* What is required *
Exact copy, no pictures: return all the records as they stand.

(Listed records Opens)

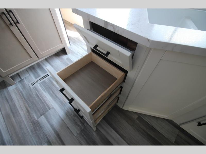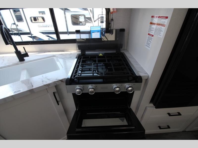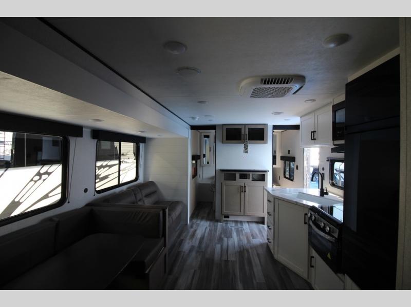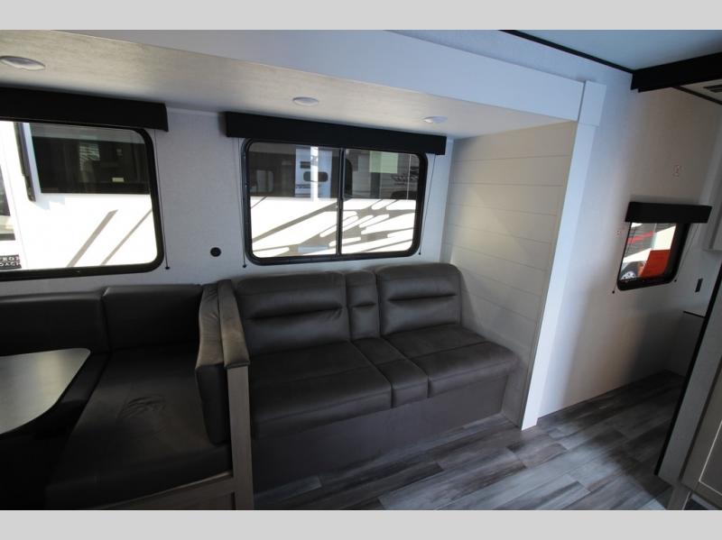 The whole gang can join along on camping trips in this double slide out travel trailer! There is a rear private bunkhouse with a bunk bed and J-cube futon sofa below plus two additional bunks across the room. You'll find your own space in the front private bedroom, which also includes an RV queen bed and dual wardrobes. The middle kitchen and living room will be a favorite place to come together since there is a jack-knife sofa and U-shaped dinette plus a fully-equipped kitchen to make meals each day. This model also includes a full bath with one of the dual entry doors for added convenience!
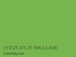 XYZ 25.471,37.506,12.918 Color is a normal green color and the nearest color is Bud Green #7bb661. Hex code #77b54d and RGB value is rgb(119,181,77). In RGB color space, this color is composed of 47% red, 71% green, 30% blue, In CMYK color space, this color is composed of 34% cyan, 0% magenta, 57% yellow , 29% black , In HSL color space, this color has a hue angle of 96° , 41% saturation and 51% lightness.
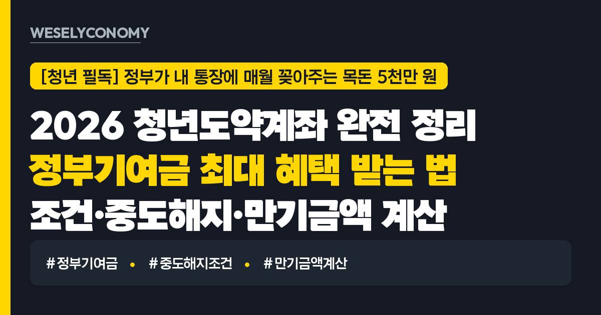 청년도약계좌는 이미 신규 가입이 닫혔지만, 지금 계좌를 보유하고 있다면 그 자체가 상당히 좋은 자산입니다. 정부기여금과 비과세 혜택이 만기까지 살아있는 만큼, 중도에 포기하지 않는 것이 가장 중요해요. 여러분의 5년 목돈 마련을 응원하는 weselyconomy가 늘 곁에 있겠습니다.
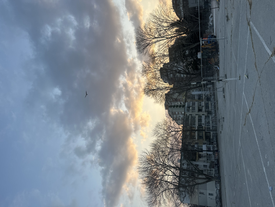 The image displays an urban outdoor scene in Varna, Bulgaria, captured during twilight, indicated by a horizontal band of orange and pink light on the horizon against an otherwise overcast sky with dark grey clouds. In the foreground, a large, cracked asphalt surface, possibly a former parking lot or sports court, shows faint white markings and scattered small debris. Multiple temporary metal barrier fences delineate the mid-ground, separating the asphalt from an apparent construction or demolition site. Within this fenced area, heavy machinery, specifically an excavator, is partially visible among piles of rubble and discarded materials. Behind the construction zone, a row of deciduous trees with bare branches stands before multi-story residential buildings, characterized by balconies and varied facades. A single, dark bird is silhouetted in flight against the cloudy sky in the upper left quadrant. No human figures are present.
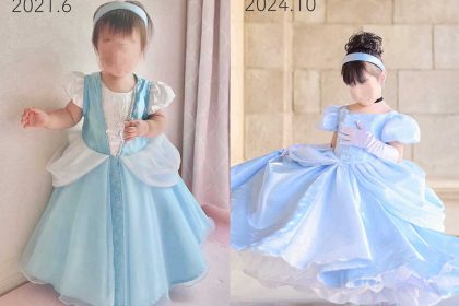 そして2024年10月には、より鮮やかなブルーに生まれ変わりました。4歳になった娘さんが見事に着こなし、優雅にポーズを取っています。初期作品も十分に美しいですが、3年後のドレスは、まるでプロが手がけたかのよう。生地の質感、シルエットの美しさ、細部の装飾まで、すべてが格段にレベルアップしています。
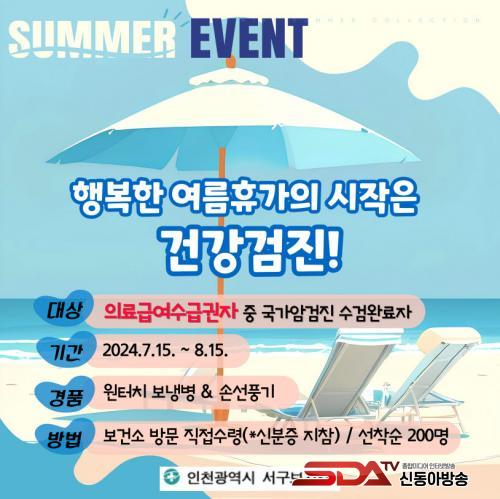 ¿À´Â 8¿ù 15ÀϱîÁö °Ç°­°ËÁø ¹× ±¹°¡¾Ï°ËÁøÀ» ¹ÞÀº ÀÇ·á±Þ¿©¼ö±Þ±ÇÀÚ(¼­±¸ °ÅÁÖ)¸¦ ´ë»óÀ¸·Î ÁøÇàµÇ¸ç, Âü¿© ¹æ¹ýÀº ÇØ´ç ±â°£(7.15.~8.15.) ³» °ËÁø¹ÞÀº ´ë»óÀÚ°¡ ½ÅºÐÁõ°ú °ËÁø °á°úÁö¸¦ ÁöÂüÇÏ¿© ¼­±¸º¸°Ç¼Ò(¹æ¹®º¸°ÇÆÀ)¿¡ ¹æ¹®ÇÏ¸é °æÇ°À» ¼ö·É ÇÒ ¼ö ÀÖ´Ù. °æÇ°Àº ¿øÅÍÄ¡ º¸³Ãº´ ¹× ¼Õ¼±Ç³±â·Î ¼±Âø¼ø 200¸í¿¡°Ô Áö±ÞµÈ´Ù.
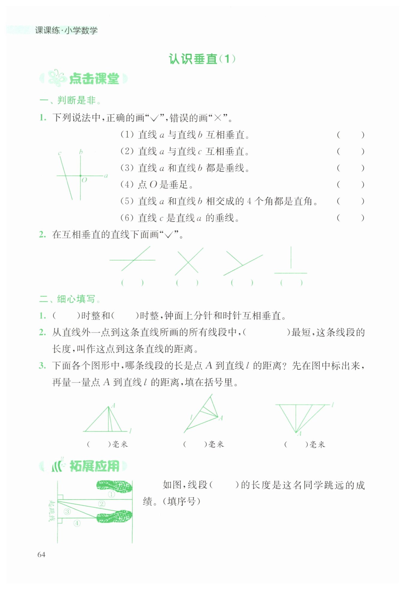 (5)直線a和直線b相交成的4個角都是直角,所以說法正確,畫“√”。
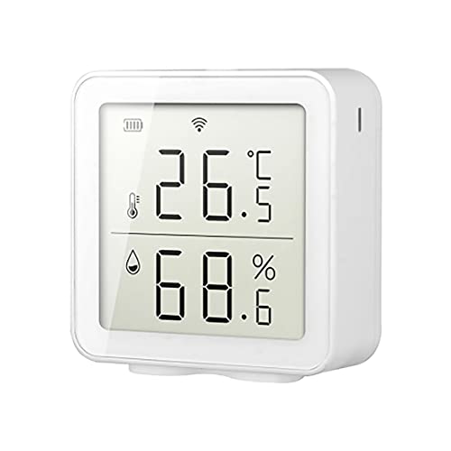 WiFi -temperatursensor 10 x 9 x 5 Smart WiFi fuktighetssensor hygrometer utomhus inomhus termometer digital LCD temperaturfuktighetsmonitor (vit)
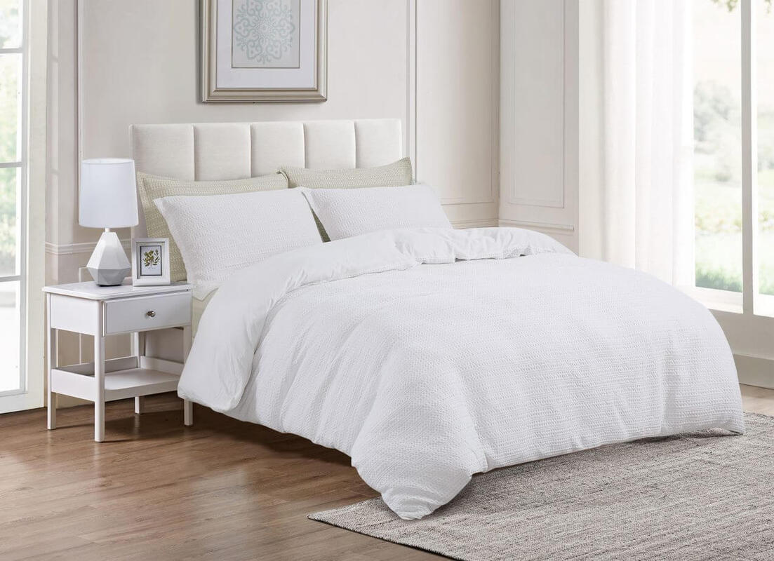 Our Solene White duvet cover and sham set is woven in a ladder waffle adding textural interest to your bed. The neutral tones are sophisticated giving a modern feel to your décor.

(Listed records Closes)

* Reply *
 The whole gang can join along on camping trips in this double slide out travel trailer! There is a rear private bunkhouse with a bunk bed and J-cube futon sofa below plus two additional bunks across the room. You'll find your own space in the front private bedroom, which also includes an RV queen bed and dual wardrobes. The middle kitchen and living room will be a favorite place to come together since there is a jack-knife sofa and U-shaped dinette plus a fully-equipped kitchen to make meals each day. This model also includes a full bath with one of the dual entry doors for added convenience!
 XYZ 25.471,37.506,12.918 Color is a normal green color and the nearest color is Bud Green #7bb661. Hex code #77b54d and RGB value is rgb(119,181,77). In RGB color space, this color is composed of 47% red, 71% green, 30% blue, In CMYK color space, this color is composed of 34% cyan, 0% magenta, 57% yellow , 29% black , In HSL color space, this color has a hue angle of 96° , 41% saturation and 51% lightness.
 청년도약계좌는 이미 신규 가입이 닫혔지만, 지금 계좌를 보유하고 있다면 그 자체가 상당히 좋은 자산입니다. 정부기여금과 비과세 혜택이 만기까지 살아있는 만큼, 중도에 포기하지 않는 것이 가장 중요해요. 여러분의 5년 목돈 마련을 응원하는 weselyconomy가 늘 곁에 있겠습니다.
 The image displays an urban outdoor scene in Varna, Bulgaria, captured during twilight, indicated by a horizontal band of orange and pink light on the horizon against an otherwise overcast sky with dark grey clouds. In the foreground, a large, cracked asphalt surface, possibly a former parking lot or sports court, shows faint white markings and scattered small debris. Multiple temporary metal barrier fences delineate the mid-ground, separating the asphalt from an apparent construction or demolition site. Within this fenced area, heavy machinery, specifically an excavator, is partially visible among piles of rubble and discarded materials. Behind the construction zone, a row of deciduous trees with bare branches stands before multi-story residential buildings, characterized by balconies and varied facades. A single, dark bird is silhouetted in flight against the cloudy sky in the upper left quadrant. No human figures are present.
 そして2024年10月には、より鮮やかなブルーに生まれ変わりました。4歳になった娘さんが見事に着こなし、優雅にポーズを取っています。初期作品も十分に美しいですが、3年後のドレスは、まるでプロが手がけたかのよう。生地の質感、シルエットの美しさ、細部の装飾まで、すべてが格段にレベルアップしています。
 ¿À´Â 8¿ù 15ÀϱîÁö °Ç°­°ËÁø ¹× ±¹°¡¾Ï°ËÁøÀ» ¹ÞÀº ÀÇ·á±Þ¿©¼ö±Þ±ÇÀÚ(¼­±¸ °ÅÁÖ)¸¦ ´ë»óÀ¸·Î ÁøÇàµÇ¸ç, Âü¿© ¹æ¹ýÀº ÇØ´ç ±â°£(7.15.~8.15.) ³» °ËÁø¹ÞÀº ´ë»óÀÚ°¡ ½ÅºÐÁõ°ú °ËÁø °á°úÁö¸¦ ÁöÂüÇÏ¿© ¼­±¸º¸°Ç¼Ò(¹æ¹®º¸°ÇÆÀ)¿¡ ¹æ¹®ÇÏ¸é °æÇ°À» ¼ö·É ÇÒ ¼ö ÀÖ´Ù. °æÇ°Àº ¿øÅÍÄ¡ º¸³Ãº´ ¹× ¼Õ¼±Ç³±â·Î ¼±Âø¼ø 200¸í¿¡°Ô Áö±ÞµÈ´Ù.
 (5)直線a和直線b相交成的4個角都是直角,所以說法正確,畫“√”。
 WiFi -temperatursensor 10 x 9 x 5 Smart WiFi fuktighetssensor hygrometer utomhus inomhus termometer digital LCD temperaturfuktighetsmonitor (vit)
 Our Solene White duvet cover and sham set is woven in a ladder waffle adding textural interest to your bed. The neutral tones are sophisticated giving a modern feel to your décor.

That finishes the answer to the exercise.